In the IBS heatmap, GUAM2 clustered closely with accessions from Guatemala, Ecuador, Brazil, Uruguay, and Venezuela, forming a contiguous high-similarity block. The Guam accession did not form a distinct branch but instead nested within a broader American landrace cluster, consistent with the PCA results.

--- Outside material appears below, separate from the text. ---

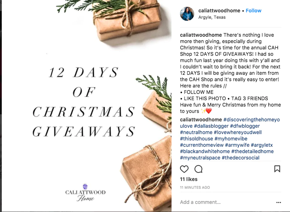 Par exemple, Caliatt Wood Home a organisé une campagne de cadeaux classique sur le thème des 12 jours de Noël. Après avoir participé au concours, les heureux gagnants seraient éligibles pour gagner un produit pour les 12 jours de Noël de la boutique CAH.

Using genome-wide SNP data, this study examined the genetic relationships between Guam white field corn and a diverse panel of maize landraces. Principal Component Analysis and Identity-by-State analyses consistently showed that Guam accessions cluster within New World maize diversity rather than forming a distinct genetic lineage. The two Guam samples exhibited high genetic similarity to each other, suggesting limited within-Guam divergence, and shared closest affinity with multiple Central and South American landraces, including accessions from Guatemala, Ecuador, Venezuela, Brazil, Uruguay, and Nicaragua. These findings are consistent with historical accounts of maize introduction to Guam from the Americas and suggest that Guam white corn represents a locally maintained derivative of American field corn rather than an independently evolved lineage.